Kekuatan masa tulang tergantung dari masa dan kerapatan
tulang. Kerapatan tulang tergantung dari jumlah kalsium,
fosfor dan mineral yang terkandung dalam tulang. Saat
tulang kekurangan mineral, kekuatannya menurun dan
sruktur internal menjadi rapuh (Humaryanto,2017).
• Faktor yang mempengaruhi terjadinya osteoporosis adalah:
• I. Genetik
• Perbedaan genetik mempengaruhi kepadatan masa tulang,
misalnya pada ukuran tulang besar dan tulang kecil, defek
pada sintesis atau struktur kolagen(Humaryanto,2017).
• II. Kalsium
• Kalsium (Ca) disebut juga zat kapur. Fungsinya adalah suatu mineral
yang berperan dalam membentuk tulang dan gigi serta memiliki
peran vitalitas pada otot. Sebagian besar kalsium pada tubuh
disimpan dalam tulang. Gejala awal kekurangan kalsium adalah
malaise, banyak keringat, gelisah, sesak nafas, berkurangnya daya
tahan tubuh, anoreksia, sembelit, insomnia, kram, dan kerapuhan
tulang. Penyerapan kalsium di usus dan reabsorpsi di ginjal
tergantung pada estrogen. Itulah sebabnya mengapa wanita paska-
menopause mengalami kehilangan kalsium melalui saluran kemih.
Ini disertai absorpsi yang tidak adekuat dari usus. Kadar serum
normal dipelihara melalui adsorpsi kalsium dari tulang. Pada
akhirnya akan terjadi osteopenia, osteoporosis dan fraktur jika
kalsium yang diberikan secara oral dan/atau parenteral tidak dapat
memenuhi kebutuhan ini. Dosis harian kalsium yang lebih tinggi
dibutuhkan untuk memelihara absorpsi intestinal dan
mempertahankan kadar serum kalsium yang normal pada wanita
paska-menopause (Humaryanto,2017).
• III. Estrogen
• Berkurangnya masa tulang dipercepat setelah overektomi dan selama masa
menopause. Dosis estrogen mencegah atau memperlambat penurunannya.

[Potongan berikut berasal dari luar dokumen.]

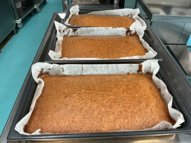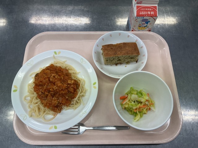 今日の給食は、スパゲティミートソース、牛乳、キャベツサラダ、紅茶ケーキです。
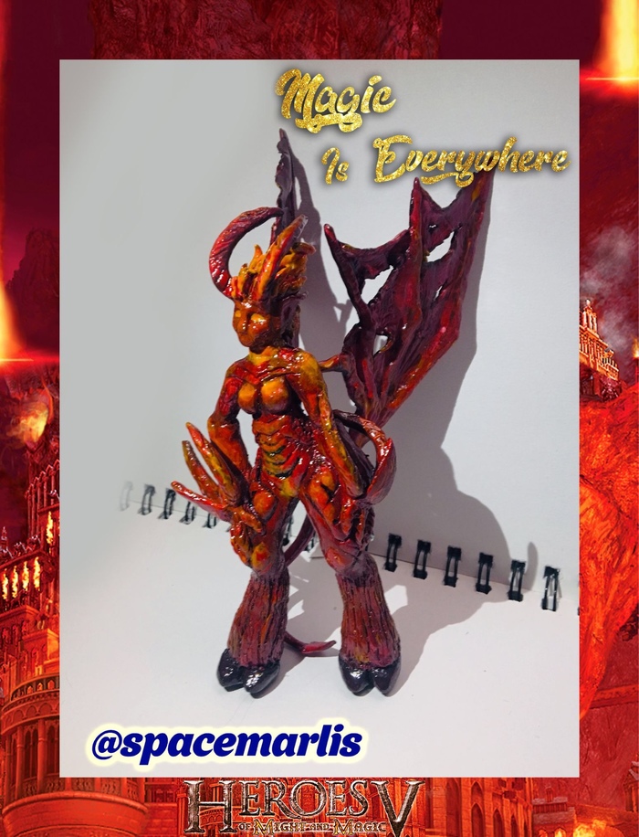 Недавно, Возлюбленный порадовал сюрпризом в виде полимерной глины и решила сразу КОГО хочу сделать.. Ещё одна любимая фракция и герой - Суккуб.. Так как лак был только глянцевый, а изделие нужно было покрыть незамедлительно, пришлось использовать его.. Из-за этого на цифре слишком много блеска, не видно языков пламени по телу, крыльям и цвет передаётся не таким особо.. Планирую купить матовый и попробовать перекрыть.. И в будущем понадобится для котеек..
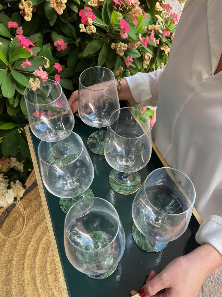 Las copas de vino no solo realzan el sabor de la bebida, sino que también juegan un papel importante en la estética de la mesa. Cuando las combinas con nuestras tablas rectangulares o giratorias de La Mela, logras una presentación equilibrada y elegante. Imagina una tabla con una cuidada selección de quesos, uvas frescas, frutos secos y pan artesanal, acompañada de copas relucientes que reflejan la luz del entorno. Esa armonía visual crea una atmósfera acogedora, sofisticada y perfecta para compartir momentos especiales. Las copas también ayudan a marcar el estilo de la reunión: unas más clásicas aportan un toque de distinción, mientras que diseños modernos pueden dar una nota fresca y contemporánea. En La Mela creemos que los detalles son los que hacen que cada mesa cuente una historia única.
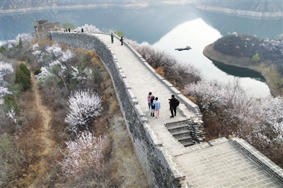 春暖花开时节,位于河北省宽城满族自治县的喜峰口水下长城两侧山花开放,绽放的花朵与古长城相映成景,吸引游人前往游览。 新华社 发
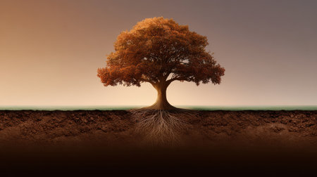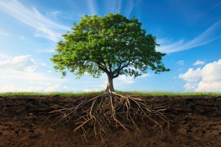 Tree with visible roots underground depicting growth, foundation, strength, and connection to nature, ideal for sustainability and life metaphor concepts.

Menopause mempunyai pengaruh lebih besar pada kehilangan tulang daripada
umur kronologis (Humaryanto,2017).
• Sepanjang hidup, tulang secara berkala akan mengalami pembentukan kembali
(remodeling). Proses ini meliputi resorbsi dan formasi. Pada saat resorbsi, tulang
yang tua akan hancur dan akan dipindahkan oleh sel osteoklas. Pada saat formasi,
jaringan tulang yang baru akan menggantikan tulang yang telah rusak, dan hal ini
dilakukan oleh sel osteoblas. Fungsi osteoklas dan osteoblas diatur oleh kalsitonin,
hormon paratiroid, vitamin D, estrogen dan testosterone.

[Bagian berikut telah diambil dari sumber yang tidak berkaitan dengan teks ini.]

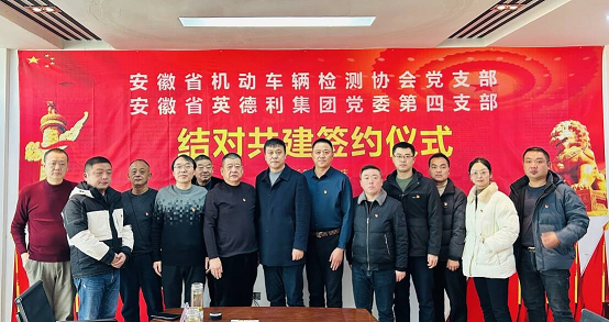 为进一步加强协会党组织建设,创新党建工作机制,促进资源共享、优势互补,1月9日上午,协会党支部与安徽英德利集团党委第四党支部结对共建签约仪式在安庆市宜车车辆检测有限公司举行。
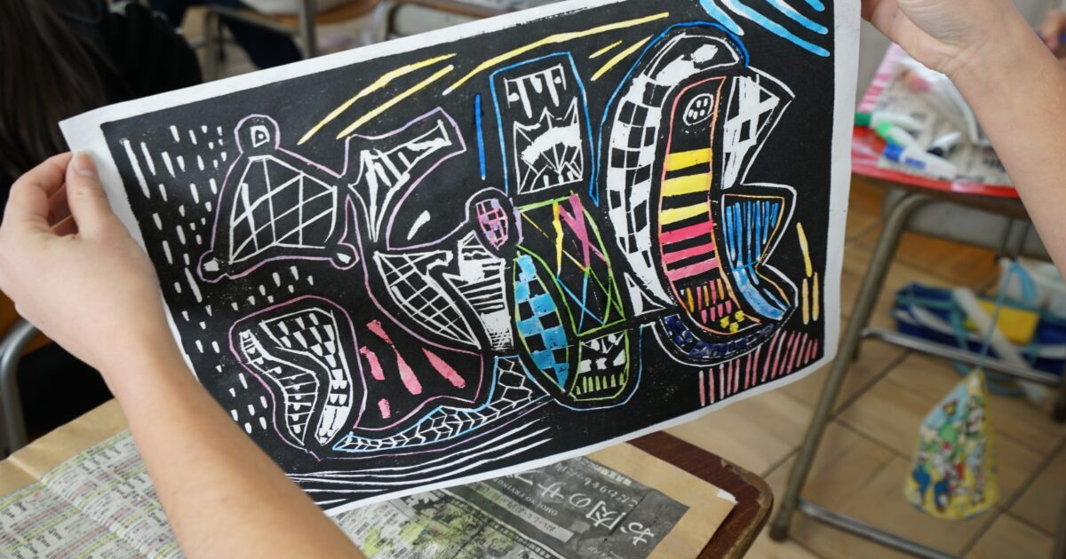 「ほってすって見つけて」もいよいよ大詰め。 刷り取った版画の裏に多めの水で溶いた水彩絵の具を塗っていきます。

• Estrogen mempengaruhi kehilangan massa tulang baik secara langsung dengan
mengikat reseptor pada tulang dan secara tidak langsung dengan memengaruhi
hormon pengatur kalsium (PTH dan Vitamin D) dan sitokin interleukin (IL-1 , IL-6
dan TNF-α) (Potu dkk., 2009). Menurut Sabri (2011), estrogen yang menurun
mempengaruhi penurunan penyerapan kalsium pada usus yang berdampak pada
gangguan keseimbangan kalsium dalam darah. Kalsium darah turun
mengakibatkan reabsorsi kalsium pada tulang meningkat. Tulang selain berfungsi
sebagai kerangka penopang sistem muskulo-skeletal, pendukung lokomotif dan
pelindung organ vital, juga berfungsi sebagai tempat penyimpanan sebagian besar
kalsium (Ca) tubuh, berperan mempertahankan Ca darah dalam kisaran normal
melalui keseimbangan antara resorpsi tulang oleh osteoklas dan pembentukan
tulang oleh osteoblas selama proses remodeling tulang (Sabri,2019).
• IV. Usia
• Masa kalsium dalam tulang mencapai puncaknya pada usia 35 tahun.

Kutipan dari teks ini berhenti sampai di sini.